The article you provided explores the evolution of the concept and outlines five distinct levels of veganism. These levels serve as a comprehensive framework that acknowledges the diversity in motivations, commitments, and practices within the vegan lifestyle. Let's delve into each level:

  1. Level 1 Vegan:

    • Motivation: Primarily health benefits.
    • Practices: Predominantly avoids animal-derived foods but may occasionally consume products like honey or milk chocolate.
    • Flexibility: Believes in a balanced diet, following veganism around 95% of the time. May use non-vegan products like non-vegan leather or makeup.
  2. Level 2 Vegan:

    • Motivation: Health and passion for animal cruelty issues.
    • Practices: Actively seeks tasty vegan recipes and focuses on plant-based cooking.
    • Challenges: May still purchase non-vegan accessories or clothing, facing societal expectations about passion for animal welfare.
  3. Level 3 Vegan:

    • Experience: More entrenched in the vegan lifestyle.
    • Practices: Overcomes lifestyle adjustments and offers guidance to those in lower levels.
    • Awareness: Actively protests for animal ethics and is highly conscious of choosing plant-based foods.
  4. Level 4 Vegan:

    • Commitment: Incredibly committed to veganism.
    • Dietary Choices: Strict dietary regime with a focus on fruits, vegetables, and nuts.
    • Practices: Prefers vegan restaurants and actively participates in animal rights protests.
  5. Level 5 Vegan:

    • Commitment: Seen as "extreme vegans" with a profound commitment.
    • Practices: Avoids any form of animal product or exploitation, including accessories, makeup, and clothing.
    • Exclusions: Steers clear of eggs, dairy, meats, fish, seafood, leather, gelatin, and specific food colorings.
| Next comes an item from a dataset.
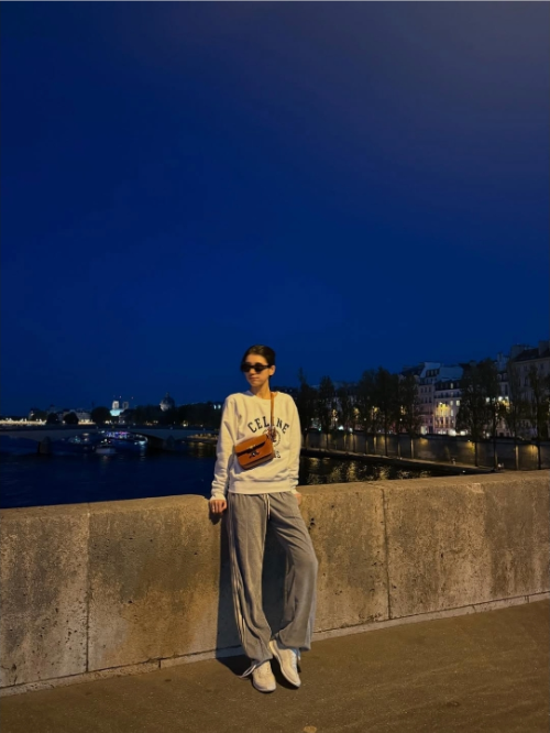 수지의 파리 패션 역시 많은 팬들의 이목을 집중시켰습니다. 그녀는 CELINE 로고가 큼직하게 들어간 아이보리 컬러의 맨투맨과 편안한 그레이 와이드 팬츠, 그리고 깔끔한 화이트 스니커즈를 매치했는데요. 꾸민 듯 안 꾸민 듯한 '꾸안꾸' 스타일링의 정석을 보여주면서도, 명품 브랜드 CELINE의 시크한 감성을 완벽하게 소화해냈습니다. 파리의 야경에 자연스럽게 녹아든 듯한 그녀의 무심한 실루엣은 특유의 청순하면서도 고급스러운 분위기를 한층 더 강조하며, '패셔니스타 수지'의 면모를 다시 한번 확인시켜 주었습니다. 편안함 속에서도 빛나는 아우라, 정말 부럽지 않나요?

The levels framework recognizes the individuality of each person's vegan journey, accommodating diverse motivations and challenges. It emphasizes that all levels contribute to the overarching goal of reducing animal exploitation. Whether someone follows a vegan lifestyle for health, ethical, or environmental reasons, the framework fosters a supportive and inclusive community.

In conclusion, the concept of vegan levels provides a valuable guide for understanding and navigating the multifaceted nature of veganism, catering to individuals at various points in their journey toward a plant-based lifestyle.